Die Entscheidung des LAG Köln, der zuzustimmen ist, gibt Anlass zur Erörterung, was im Vergütungsfestsetzungsverfahren nach § 11 RVG zu prüfen ist.
Zweck des Vergütungsfestsetzungsverfahrens
Das Vergütungsfestsetzungsverfahren gemäß § 11 RVG dient der schnellen, einfachen und kostengünstigen Titulierung des Vergütungsanspruchs des als Prozess- oder Verfahrensbevollmächtigten tätig gewesenen Rechtsanwalts gegen seinen Auftraggeber. In Zivil-, Arbeits- und Familiensachen entscheidet der Rechtspfleger über den Antrag auf Festsetzung der Vergütung, in verwaltungsgerichtlichen, sozialgerichtlichen oder finanzgerichtlichen Verfahren trifft die Entscheidung der Urkundsbeamte der Geschäftsstelle. Der Rechtspfleger/Urkundsbeamte der Geschäftsstelle hat die formalen Voraussetzungen des Vergütungsfestsetzungsverfahrens und ferner zu prüfen, ob die zur Festsetzung angemeldeten Gebühren und Auslagen dem antragstellenden Rechtsanwalt entstanden sind und die Vergütung fällig ist. Über materiell-rechtliche Einwendungen hat der Rechtspfleger/Urkundsbeamte der Geschäftsstelle hingegen nicht zu entscheiden.
Behandlung gebührenrechtlicher Einwendungen
Eine Einwendung oder Einrede ist dann gebührenrechtlich, wenn sich der im Vergütungsfestsetzungsverfahren gem. § 11 RVG in Anspruch genommene Antragsgegner darauf beruft, die tatbestandlichen Voraussetzungen einer von dem Rechtsanwalt geltend gemachten Gebühr seien nach dem RVG nicht erfüllt. Hierzu gehört etwa der Einwand, der Anwalt habe nach einer unzutreffenden Ziffer des VV RVG abgerechnet oder die geforderte Vergütung sei nicht in der geltend gemachten Höhe entstanden. Gebührenrechtlich ist auch der Einwand, die Tätigkeit des Rechtsanwalts sei für den Abschluss des später geschlossenen Vergleichs nicht (mit –)ursächlich gewesen (BGH AGS 2020, 330 = zfs 2020, 407 m. Anm. Hansens = RVGreport 2020, 290 [Hansens]). Denn auch dies ist eine Frage der Anwendung der Nr. 1000 VV RVG einschließlich des Abs. 2 der Anm. zu dieser Vorschrift.

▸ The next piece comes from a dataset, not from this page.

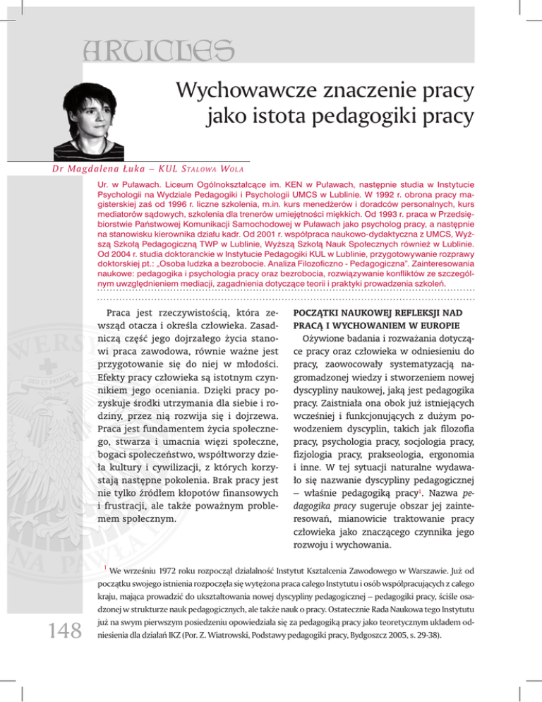 ARTICLES Wychowawcze znaczenie pracy jako istota pedagogiki pracy Dr Magdalena Ł uka – K UL S t a l o wa W o l a Ur. w Puławach. Liceum Ogólnokształcące im. KEN w Puławach, następnie studia w Instytucie Psychologii na Wydziale Pedagogiki i Psychologii UMCS w Lublinie. W 1992 r. obrona pracy magisterskiej zaś od 1996 r. liczne szkolenia, m.in. kurs menedżerów i doradców personalnych, kurs mediatorów sądowych, szkolenia dla trenerów umiejętności miękkich. Od 1993 r. praca w Przedsiębiorstwie Państwowej Komunikacji Samochodowej w Puławach jako psycholog pracy, a następnie na stanowisku kierownika działu kadr. Od 2001 r. współpraca naukowo-dydaktyczna z UMCS, Wyższą Szkołą Pedagogiczną TWP w Lublinie, Wyższą Szkołą Nauk Społecznych również w Lublinie. Od 2004 r. studia doktoranckie w Instytucie Pedagogiki KUL w Lublinie, przygotowywanie rozprawy doktorskiej pt.: „Osoba ludzka a bezrobocie. Analiza Filozoficzno - Pedagogiczna”. Zainteresowania naukowe: pedagogika i psychologia pracy oraz bezrobocia, rozwiązywanie konfliktów ze szczególnym uwzględnieniem mediacji, zagadnienia dotyczące teorii i praktyki prowadzenia szkoleń. Praca jest rzeczywistością, która zewsząd otacza i określa człowieka. Zasadniczą część jego dojrzałego życia stanowi praca zawodowa, równie ważne jest przygotowanie się do niej w młodości. Efekty pracy człowieka są istotnym czynnikiem jego oceniania. Dzięki pracy pozyskuje środki utrzymania dla siebie i rodziny, przez nią rozwija się i dojrzewa. Praca jest fundamentem życia społecznego, stwarza i umacnia więzi społeczne, bogaci społeczeństwo, współtworzy dzieła kultury i cywilizacji, z których korzystają następne pokolenia. Brak pracy jest nie tylko źródłem kłopotów finansowych i frustracji, ale także poważnym problemem społecznym. 1 Początki naukowej refleksji nad pracą i wychowaniem w Europie Ożywione badania i rozważania dotyczące pracy oraz człowieka w odniesieniu do pracy, zaowocowały systematyzacją nagromadzonej wiedzy i stworzeniem nowej dyscypliny naukowej, jaką jest pedagogika pracy. Zaistniała ona obok już istniejących wcześniej i funkcjonujących z dużym powodzeniem dyscyplin, takich jak filozofia pracy, psychologia pracy, socjologia pracy, fizjologia pracy, prakseologia, ergonomia i inne. W tej sytuacji naturalne wydawało się nazwanie dyscypliny pedagogicznej – właśnie pedagogiką pracy1. Nazwa pedagogika pracy sugeruje obszar jej zainteresowań, mianowicie traktowanie pracy człowieka jako znaczącego czynnika jego rozwoju i wychowania. We wrześniu 1972 roku rozpoczął działalność Instytut Kształcenia Zawodowego w Warszawie. Już od początku swojego istnienia rozpoczęła się wytężona praca całego Instytutu i osób współpracujących z całego kraju, mająca prowadzić do ukształtowania nowej dyscypliny pedagogicznej – pedagogiki pracy, ściśle osadzonej w strukturze nauk pedagogicznych, ale także nauk o pracy. Ostatecznie Rada Naukowa tego Instytutu 148 już na swym pierwszym posiedzeniu opowiedziała się za pedagogiką pracy jako teoretycznym układem odniesienia dla działań IKZ (Por. Z. Wiatrowski, Podstawy pedagogiki pracy, Bydgoszcz 2005, s. 29-38). ARTYKUŁY „Pedagogikę pracy przyjęło się określać jako subdyscyplinę naukową, której przedmiotem badań są pedagogiczne aspekty relacji: człowiek – wychowanie – praca”2. Pedagogika pracy, aczkolwiek wykrystalizowała się jako dyscyplina pedagogiczna dopiero w latach siedemdziesiątych XX wieku, ma jednak długi rodowód. Związana jest nierozłącznie z ruchami społecznymi, szczególnie z zagadnieniem stosunku człowieka do pracy. Do oficjalnego uznania tej nauki droga wiodła przez mniej lub bardziej rozbudowane etapy refleksji nad rolą pracy w życiu człowieka. W analizowaniu tych zagadnień można sięgnąć daleko w głąb historii. Po prostu – człowiek zawsze myślał o tym, jak żyć i co czynić, aby zagwarantować sobie i najbliższym godziwe warunki bycia i egzystencji. Jedną z pierwszych analiz na temat pracy i wychowania do pracy, była wypowiedź Tomasza Morusa (1478-1535). Około 1516 roku w dziele Utopia opisał on życie na wyspie, gdzie panuje szczęście. Przedstawił fikcyjne królestwo, w którym niektórzy współcześni uczeni dopatrują się wyidealizowanego przeciwieństwa Europy z czasów Morusa, podczas gdy inni uznają je za złośliwą satyrę na nią. Ustrojem Utopii była komuna drobnych producentów, rolników i rzemieślników. Rozwój przemysłu uważany było za zło. Określił jednak jasno, że wszyscy muszą pracować sześć godzin dziennie. Sformułował również postulat, aby cała młodzież pracowała w rolnictwie, a potem niektórzy z nich wybrali inne zawody. Pomimo tego, że człowiek cały czas potrzebuje „pogoni” za nierealnym oraz pomimo wszystkich błędów popełnianych przy próbach zmieniania świata na idealny, czego m.in. obrazem jest Utopia Morusa, autora tej koncepcji przyjęło się uważać za twórcę idei wychowania przez pracę3. Od tego czasu zagadnieniem pracy i wychowaniem przez pracę zajmowało się wielu myślicieli. Jednym z nich był Jan Amos Komeński, który żył na przełomie XVI i XVII wieku (15921679). Wychowanie planowe powinno się rozpoczynać, według Komeńskiego, tuż po urodzeniu się dziecka. Pierwszy okres wychowania, do końca szóstego roku życia, określanej mianem „szkoły macierzyńskiej”, ma zapewnić dziecku prawidłowy rozwój fizyczny, wyposażyć je w podstawowe pojęcia moralne oraz doprowadzić do pełnego rozwoju młodocianego intelektu, tak by dziecko po ukończeniu 6 lat mogło rozpocząć naukę w szkole elementarnej. Przede wszystkim w okresie tym należy dbać o to, by dziecko sprawnie posługiwało się językiem ojczystym i przyswoiło podstawy elementarnego wykształcenia. Szkoła powszechna, stanowiąca kolejny szczebel wychowania, miała char

Für eine solche Prüfung verfügt der Rechtspfleger/Urkundsbeamte der Geschäftsstelle im Vergütungsfestsetzungsverfahren gem. § 11 RVG über die erforderlichen prozessualen Möglichkeiten zur Ermittlung auch solcher Tatsachen, die sich nicht unmittelbar aus der Verfahrensakte ergeben. Der den Vergütungsfestsetzungsantrag stellende Rechtsanwalt hat nämlich gem. § 11 Abs. 2 S. 2 RVG i.V.m. § 104 Abs. 2 Satz 1 ZPO den Ansatz seiner zur Festsetzung angemeldeter Gebühren und Auslagen glaubhaft zu machen. Dies erfordert, dass die tatsächlichen Voraussetzungen des geltend gemachten Gebühren- oder Auslagentatbestands mit überwiegender Wahrscheinlichkeit feststehen müssen. Für die Glaubhaftmachung kann sich der Antragsteller aller Beweismittel einschließlich der eidesstattlichen Versicherung bedienen (BGH RVGreport 2007, 274 [Hansens] = AGS 2007, 322; BGH RVGreport 2007, 275 [ders.] = AGS 2007, 366 = zfs 2007, 469 mit Anm. Hansens, jeweils zum Kostenfestsetzungsverfahren). Gelingt dem Rechtsanwalt die Glaubhaftmachung sämtlicher Tatbestandsvoraussetzungen der geltend gemachten Gebühr oder Auslagenposition nicht, hat der Rechtspfleger/Urkundsbeamte der Geschäftsstelle den Vergütungsfestsetzungsantrag insoweit zurückzuweisen.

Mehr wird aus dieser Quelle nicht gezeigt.